→ **Task to complete**
Images excluded, reproduce each line of the records exactly as it stands.

___ Source data

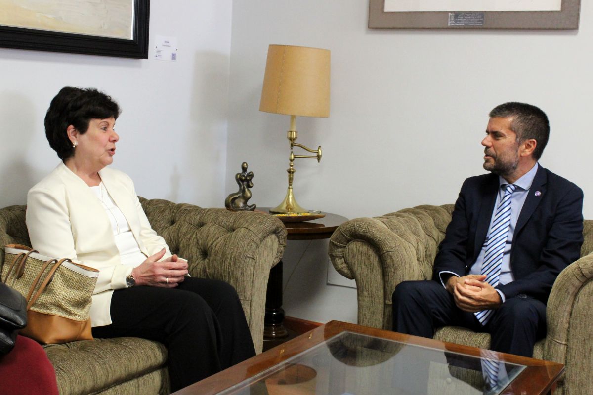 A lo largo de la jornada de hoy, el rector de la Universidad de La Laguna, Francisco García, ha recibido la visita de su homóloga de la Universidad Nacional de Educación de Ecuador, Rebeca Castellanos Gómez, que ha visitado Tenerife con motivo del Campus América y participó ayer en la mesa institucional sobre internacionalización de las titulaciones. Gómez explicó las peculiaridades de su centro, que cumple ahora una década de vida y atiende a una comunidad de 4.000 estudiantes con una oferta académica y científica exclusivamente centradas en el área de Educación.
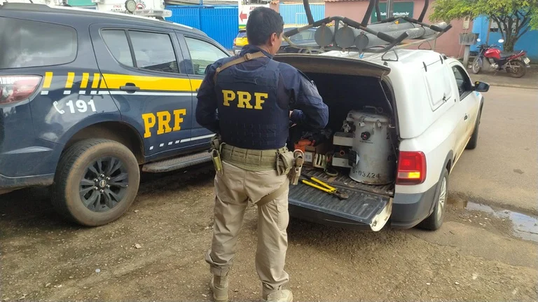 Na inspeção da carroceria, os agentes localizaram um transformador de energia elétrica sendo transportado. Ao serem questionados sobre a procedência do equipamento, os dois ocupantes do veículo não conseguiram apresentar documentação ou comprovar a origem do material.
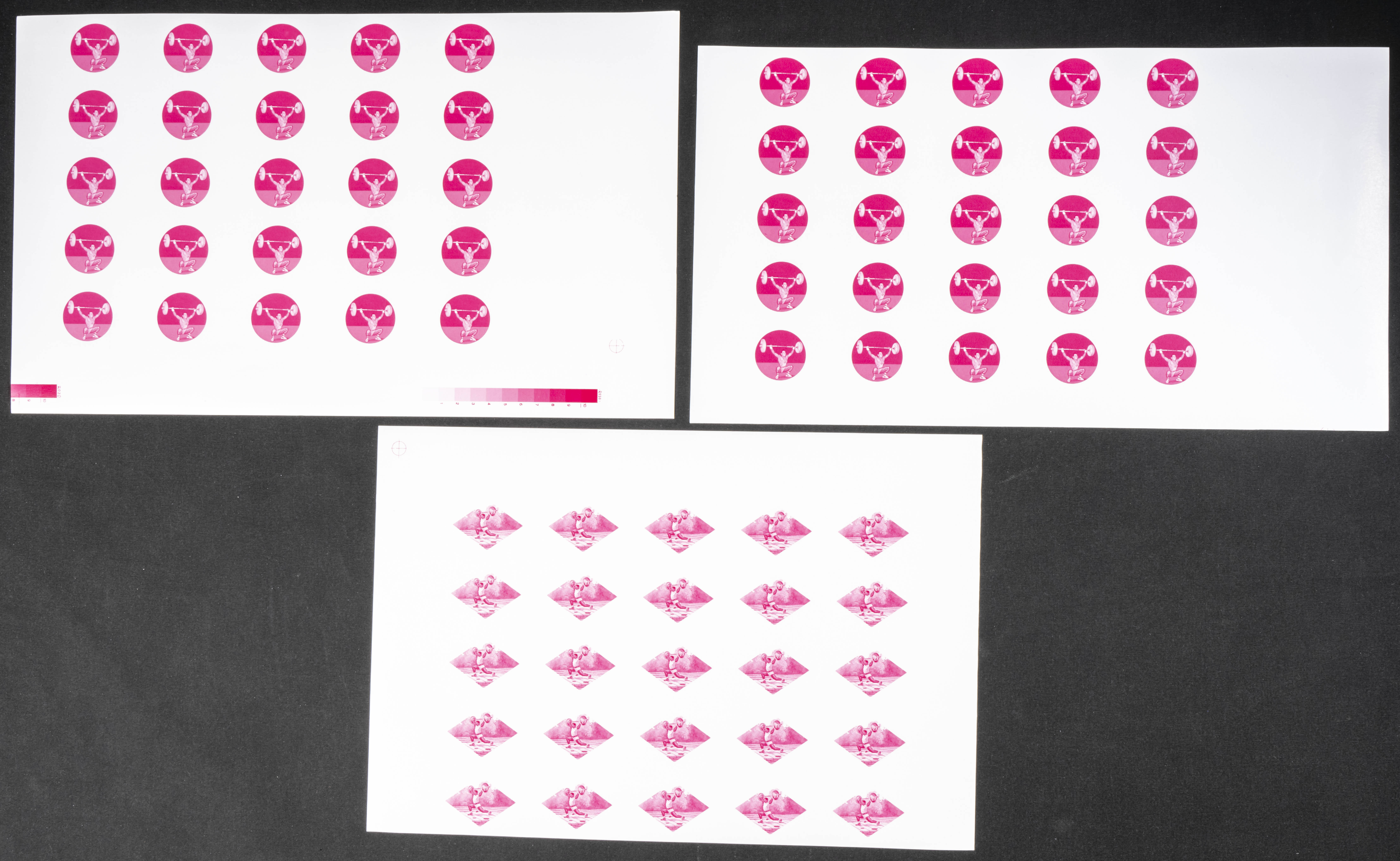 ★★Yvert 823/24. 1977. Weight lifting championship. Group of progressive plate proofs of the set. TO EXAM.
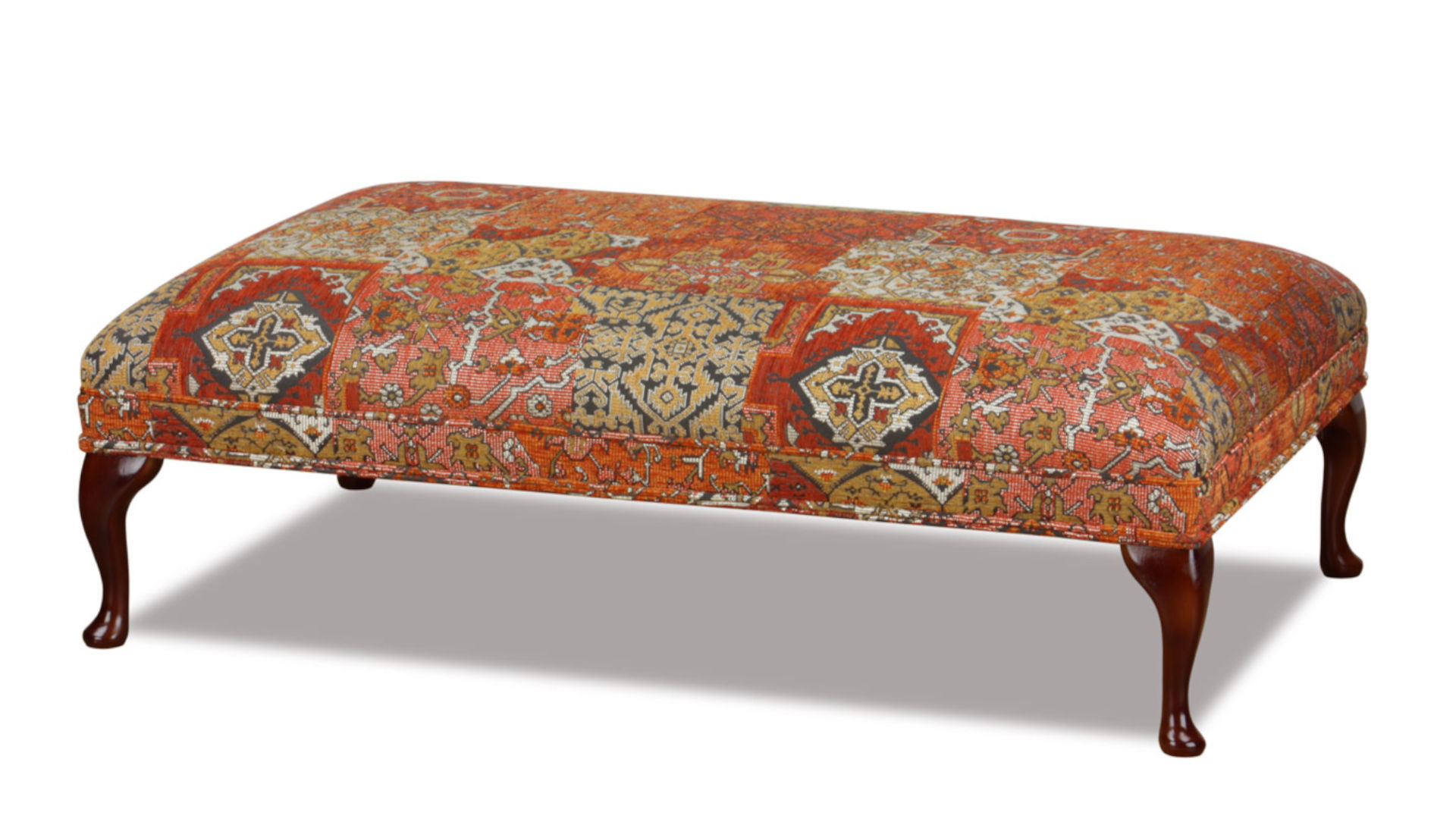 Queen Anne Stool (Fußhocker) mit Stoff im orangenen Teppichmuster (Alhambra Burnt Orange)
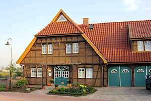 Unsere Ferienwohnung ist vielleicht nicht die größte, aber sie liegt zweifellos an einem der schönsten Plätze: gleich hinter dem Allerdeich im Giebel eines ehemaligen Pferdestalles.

______

→ **Result below**
 A lo largo de la jornada de hoy, el rector de la Universidad de La Laguna, Francisco García, ha recibido la visita de su homóloga de la Universidad Nacional de Educación de Ecuador, Rebeca Castellanos Gómez, que ha visitado Tenerife con motivo del Campus América y participó ayer en la mesa institucional sobre internacionalización de las titulaciones. Gómez explicó las peculiaridades de su centro, que cumple ahora una década de vida y atiende a una comunidad de 4.000 estudiantes con una oferta académica y científica exclusivamente centradas en el área de Educación.
 Na inspeção da carroceria, os agentes localizaram um transformador de energia elétrica sendo transportado. Ao serem questionados sobre a procedência do equipamento, os dois ocupantes do veículo não conseguiram apresentar documentação ou comprovar a origem do material.
 ★★Yvert 823/24. 1977. Weight lifting championship. Group of progressive plate proofs of the set. TO EXAM.
 Queen Anne Stool (Fußhocker) mit Stoff im orangenen Teppichmuster (Alhambra Burnt Orange)
 Unsere Ferienwohnung ist vielleicht nicht die größte, aber sie liegt zweifellos an einem der schönsten Plätze: gleich hinter dem Allerdeich im Giebel eines ehemaligen Pferdestalles.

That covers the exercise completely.